## Information
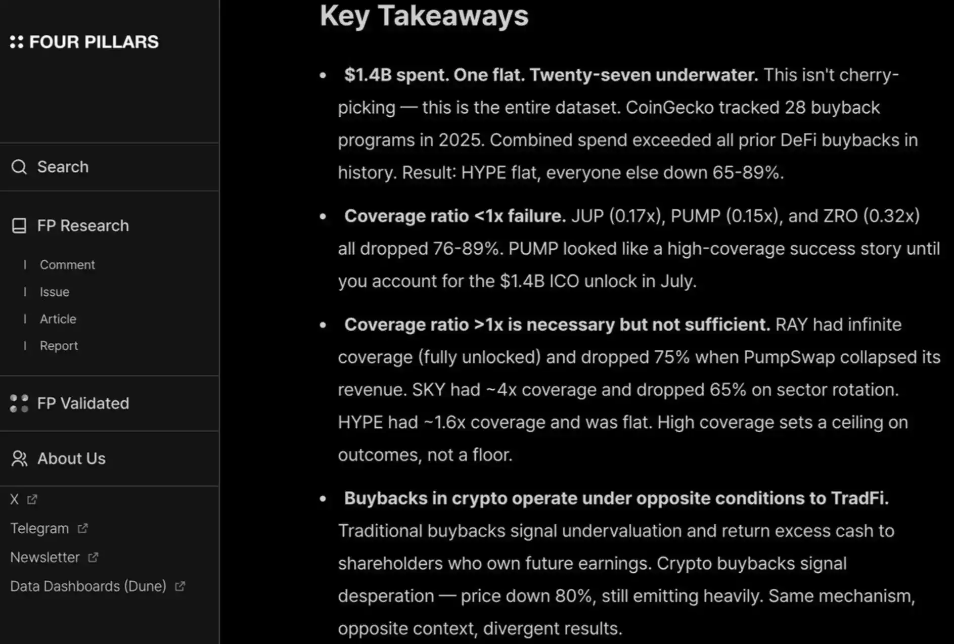 Me gusta mucho este informe de fourpillars, que muestra que recompras de hasta diez cifras casi no ayudan a establecer un suelo de precio a largo plazo para los proyectos.
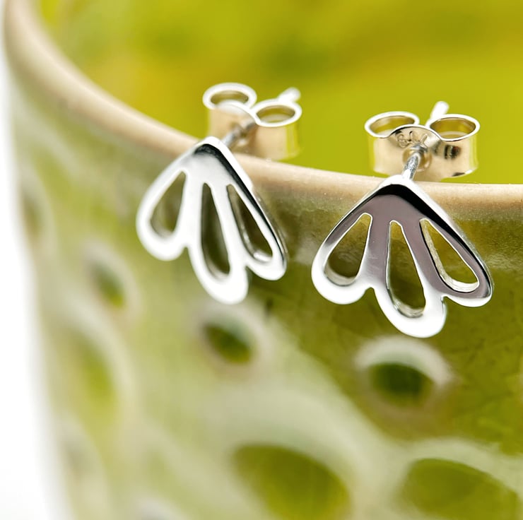 These sweet medium sized floral sterling silver studs earrings are inspired by the blooming flowers in spring. They are polished to a shiny finish with sterling silver posts & scrolls. Perfect for everyday wear.
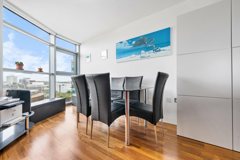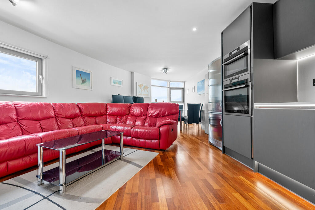 LOUNGE/KITCHEN/DINER26' 10" x 18' 0" (8.2m x 5.5m) Continuation of laminate flooring. Bright and spacious open plan space. Double glazed floor to ceiling windows providing excellent views over the City Centre. Modern fitted kitchen with wall, base and drawer units with worktops over incorporating composite sink with mixer tap over. Tiled splashback. Integrated oven and four ring electric hob with extractor over, fridge/freezer, dishwasher and washer/dryer. Under counter feature lighting. Two wall mounted electric panel heaters. TV Aerial point. Telephone point. Spotlights and pendant light fittings. Power points.
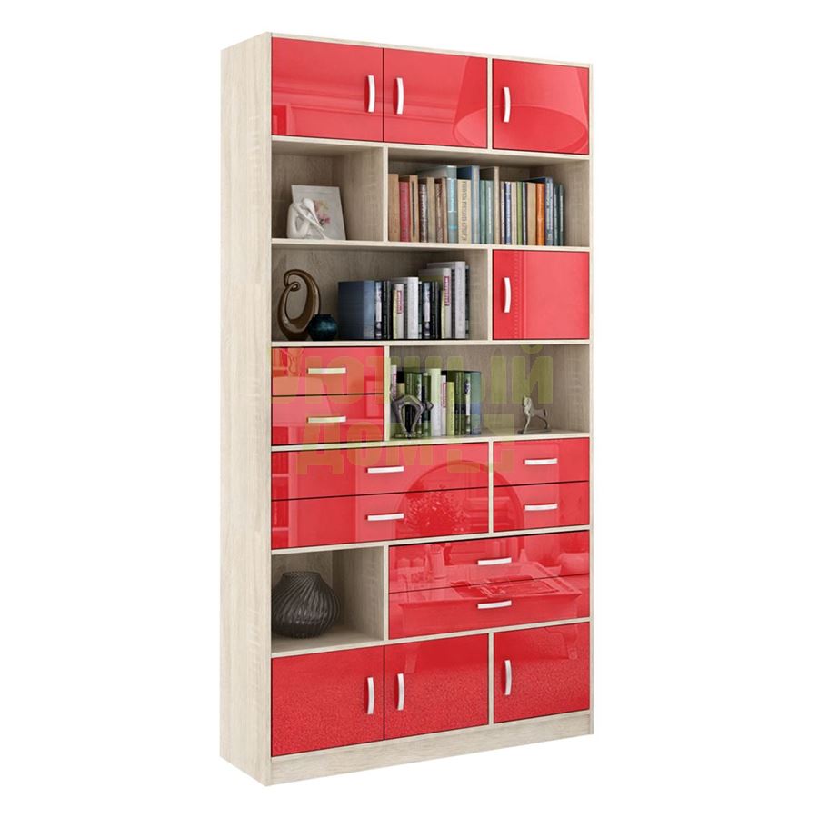 Купить Стеллаж в комплекте Либерти-31 Глянец дуб сонома / красный
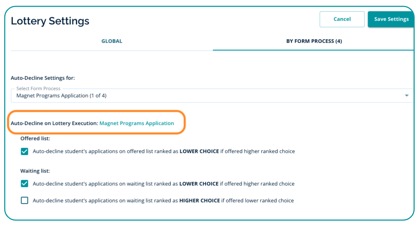 - When enabled, any applications that have been ranked as higher choice and placed on a waiting list will be auto-declined if a lower choice application is placed on the offered list.

## What you should do
Would you write out an exact copy of the entries above, with no images?

## Solution to the exercise
 Me gusta mucho este informe de fourpillars, que muestra que recompras de hasta diez cifras casi no ayudan a establecer un suelo de precio a largo plazo para los proyectos.
 These sweet medium sized floral sterling silver studs earrings are inspired by the blooming flowers in spring. They are polished to a shiny finish with sterling silver posts & scrolls. Perfect for everyday wear.
 LOUNGE/KITCHEN/DINER26' 10" x 18' 0" (8.2m x 5.5m) Continuation of laminate flooring. Bright and spacious open plan space. Double glazed floor to ceiling windows providing excellent views over the City Centre. Modern fitted kitchen with wall, base and drawer units with worktops over incorporating composite sink with mixer tap over. Tiled splashback. Integrated oven and four ring electric hob with extractor over, fridge/freezer, dishwasher and washer/dryer. Under counter feature lighting. Two wall mounted electric panel heaters. TV Aerial point. Telephone point. Spotlights and pendant light fittings. Power points.
 Купить Стеллаж в комплекте Либерти-31 Глянец дуб сонома / красный
 - When enabled, any applications that have been ranked as higher choice and placed on a waiting list will be auto-declined if a lower choice application is placed on the offered list.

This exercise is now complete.